Dataset entries >>

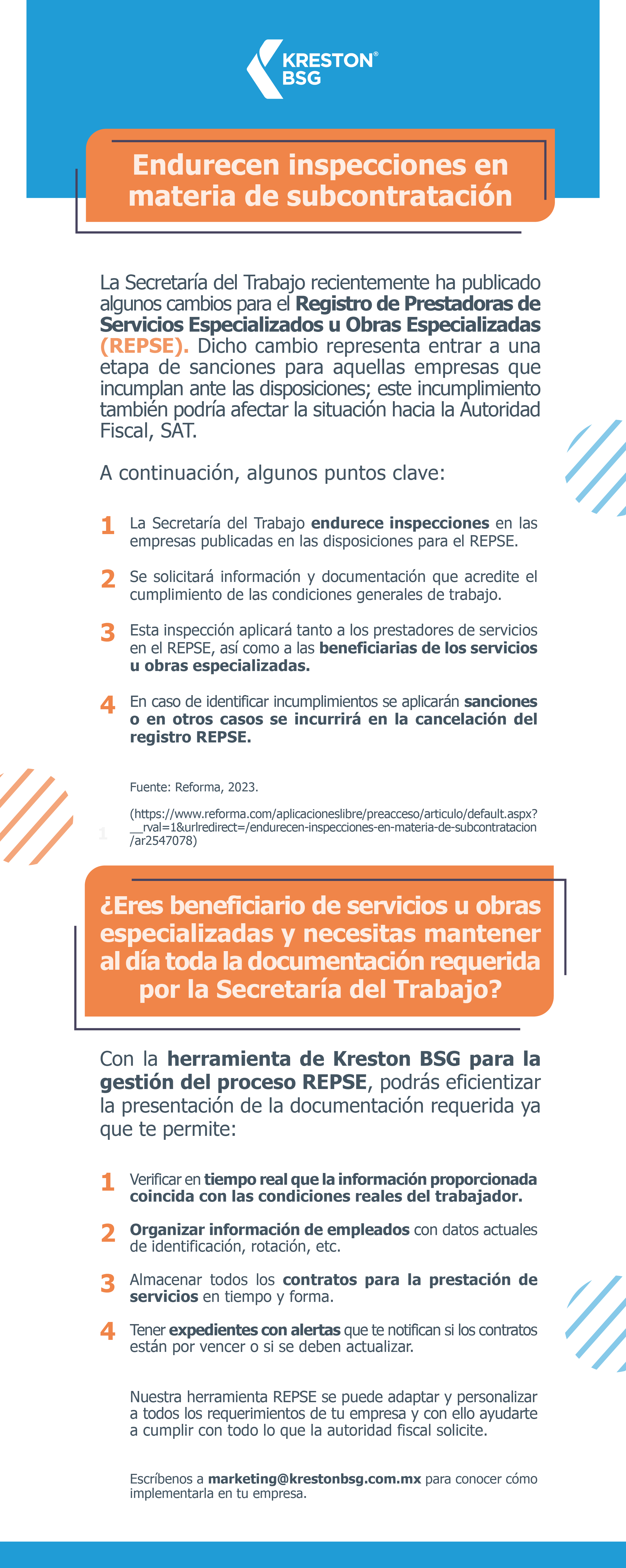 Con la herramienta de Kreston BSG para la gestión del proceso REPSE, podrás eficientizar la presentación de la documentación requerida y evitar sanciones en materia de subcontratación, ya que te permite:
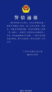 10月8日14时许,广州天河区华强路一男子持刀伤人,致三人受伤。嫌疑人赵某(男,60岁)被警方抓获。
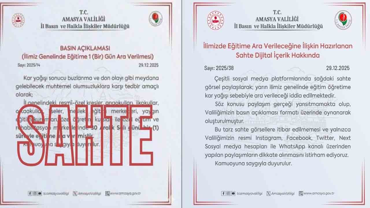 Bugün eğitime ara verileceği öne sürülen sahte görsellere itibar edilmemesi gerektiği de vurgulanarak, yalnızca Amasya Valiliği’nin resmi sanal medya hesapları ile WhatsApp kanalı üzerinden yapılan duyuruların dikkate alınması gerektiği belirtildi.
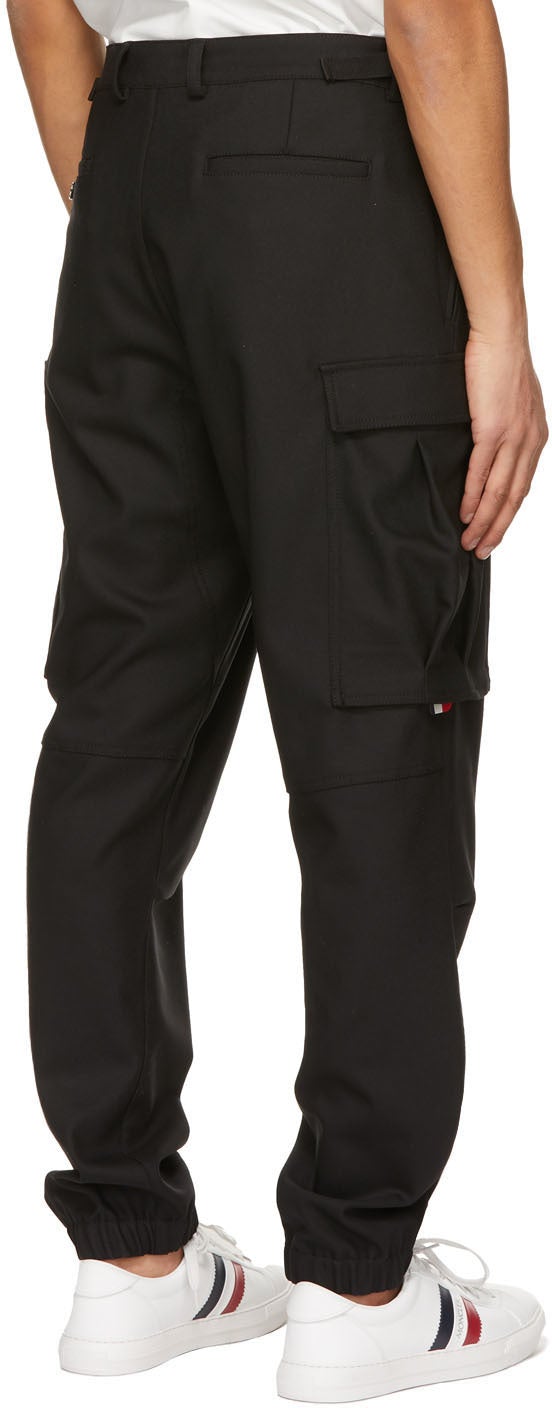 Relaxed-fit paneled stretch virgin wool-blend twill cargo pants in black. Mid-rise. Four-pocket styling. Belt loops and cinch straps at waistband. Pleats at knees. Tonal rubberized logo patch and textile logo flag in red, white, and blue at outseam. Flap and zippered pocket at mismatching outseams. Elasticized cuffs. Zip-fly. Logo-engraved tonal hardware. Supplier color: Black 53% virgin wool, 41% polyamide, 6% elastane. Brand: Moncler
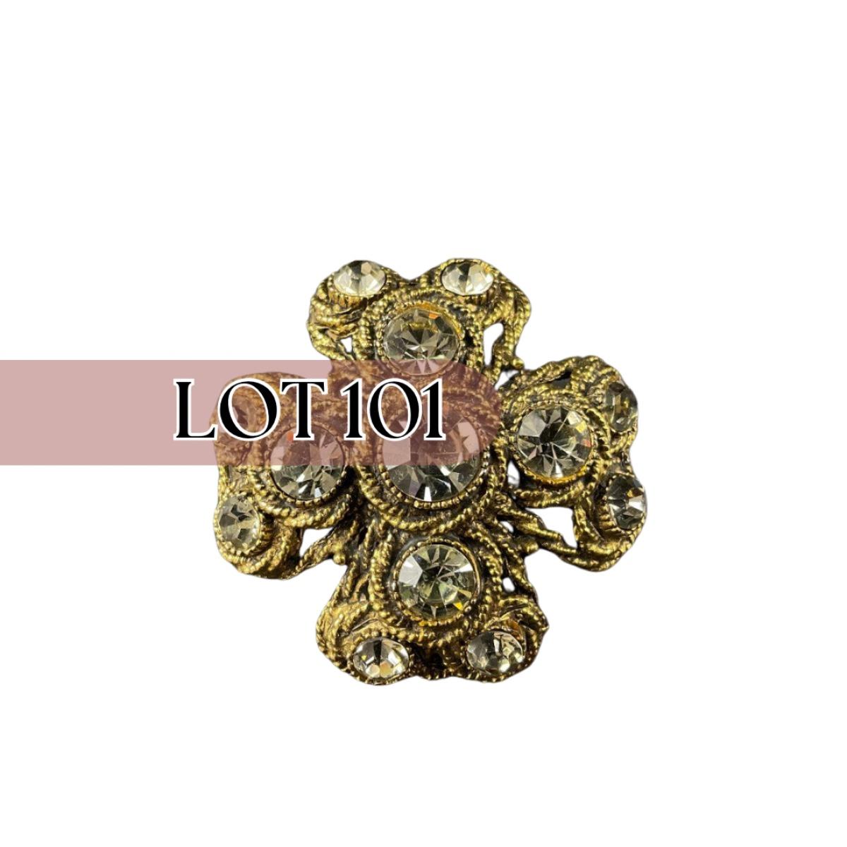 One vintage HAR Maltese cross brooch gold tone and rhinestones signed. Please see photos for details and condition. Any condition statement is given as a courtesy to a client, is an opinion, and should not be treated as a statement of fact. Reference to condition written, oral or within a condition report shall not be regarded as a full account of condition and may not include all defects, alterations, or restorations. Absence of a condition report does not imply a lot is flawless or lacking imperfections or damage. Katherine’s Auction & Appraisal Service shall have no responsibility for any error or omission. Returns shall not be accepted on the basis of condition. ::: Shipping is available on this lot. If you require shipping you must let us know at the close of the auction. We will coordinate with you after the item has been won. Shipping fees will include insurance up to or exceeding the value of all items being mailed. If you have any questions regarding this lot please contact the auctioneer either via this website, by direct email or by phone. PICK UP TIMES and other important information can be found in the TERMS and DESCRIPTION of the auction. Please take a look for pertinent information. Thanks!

Required action >>
Would you repeat exactly, and only, the lines from the start of the records above through the line containing "10月8日14时许,广州天河", with the pictures omitted?

Response to the exercise >>
 Con la herramienta de Kreston BSG para la gestión del proceso REPSE, podrás eficientizar la presentación de la documentación requerida y evitar sanciones en materia de subcontratación, ya que te permite:
 10月8日14时许,广州天河区华强路一男子持刀伤人,致三人受伤。嫌疑人赵某(男,60岁)被警方抓获。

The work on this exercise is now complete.